Despite years of accusing former President George W. Bush of lying about WMDs in Iraq, a new report from the New York Times shows that the CIA had a secret purchasing program to buy chemical weapons from a secret Iraqi seller to ensure that they did not end up into the wrong hands.
The program, known as Operation Avarice, began in 2005 and lasted through 2006, and was deemed a nonproliferation success. The CIA is believed to have acquired and destroyed up-to 400 Borak rockets, which is an internationally condemned chemical weapon that Saddam Hussein produced in the 1980s but were unaccounted for in the early 1990s after the Persian Gulf war, despite an agreement mandating Saddam verifiably destroy them.
Details of the program remain classified and the CIA has declined to comment, but the discovery of this program is significant because for years anti-war protesters and liberal politicians claimed that the American People were lied to about the reasons of the U.S. invasion of Iraq, stating that no weapons of mass destruction were ever found.

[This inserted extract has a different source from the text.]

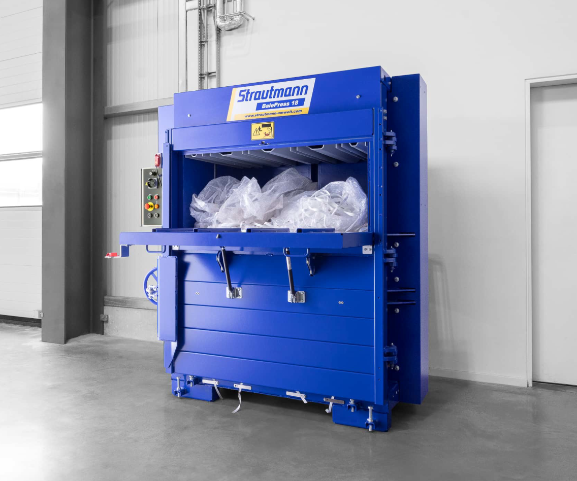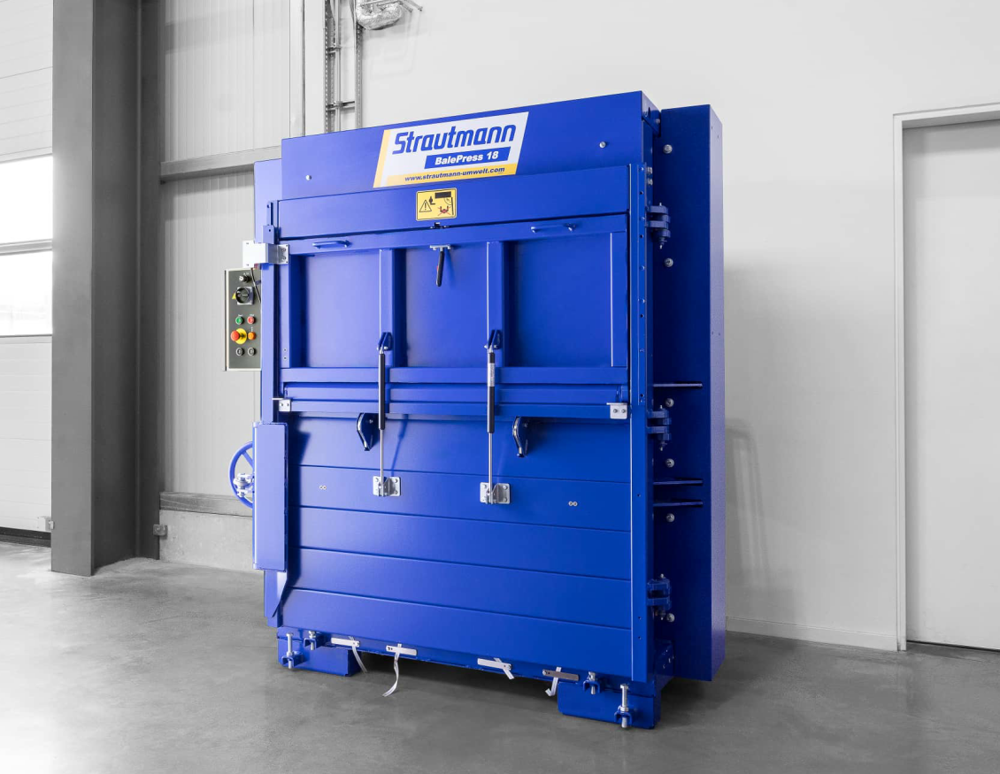 Bei einer grösseren Jahresabfallmenge ist unsere BP 18 genau die richtige Lösung für Ihre Entsorgung. Zuverlässig und stark verdichtet sie Ihren Wertstoff in hochverdichtete Ballen. Ausgestattet mit unserer TopPlus® Pressschildführung und der Zeitsteuerung wird das Volumen Ihrer Wertstoffe stark reduziert und wertvoller Lagerplatz wird eingespart. Mit Materialwahl-Schalter Karton/Folie, Stecker CEE16A.
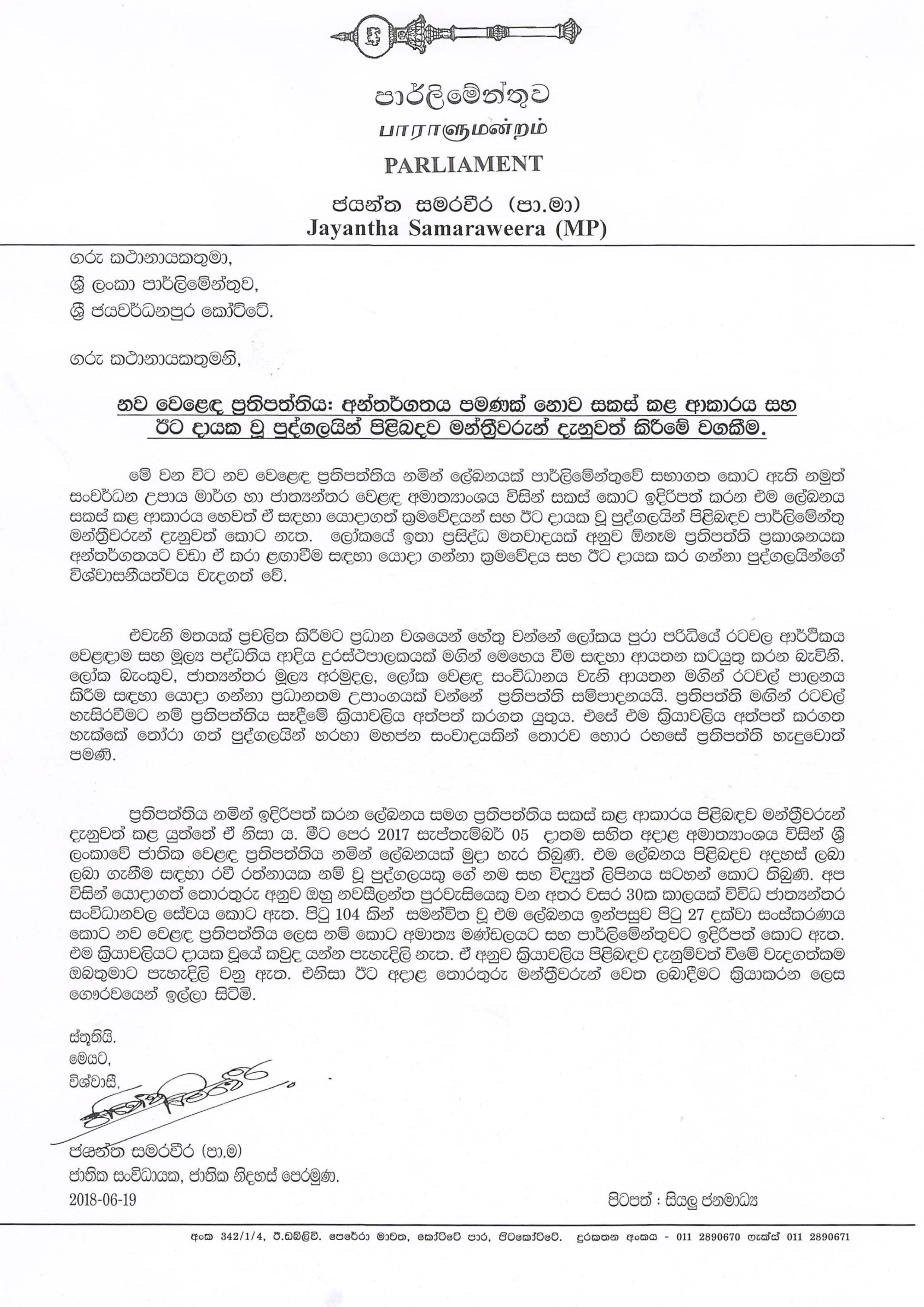 පාර්ලිමේන්තුවේ මේ වනවිට සභාගත කර ඇති නව වෙළෙඳ ප්රතිපත්තිය නමැති ලේඛනය සකස් කළ ආකාරය හෝ ඒ සඳහා යොදා ගත් ක්රම වේදයන් හා ඊට දායක වූ පුද්ගලයින් පිළිබඳව පාර්ලිමේන්තු මන්ත්රීවරුන් දැනුවත් කර නොමැති බැවින් මන්ත්රීවරුන් දැනුවත් කිරීමට පියවර ගන්නැයි ජාතික නිදහස් පෙරමුණේ පාර්ලිමේන්තු මන්ත්රී ජයන්ත සමරවීර මහතා කථානායක කරු ජයසූරිය මහතා වෙත ලිපියක් යවමින් ඉල්ලා සිටී.

As Ed Morrissey notes over at Hot Air, the debate about WMDs in Iraq is far more nuanced than the hackneyed “Bush lied” response. Sarin-filled chemical weapons were found, although at this point, it doesn’t seem as though these weapons were new procurements — just older ones that Saddam was trying to conceal from UN investigators, which was still a violation of the 1991 cease-fire agreement he had signed.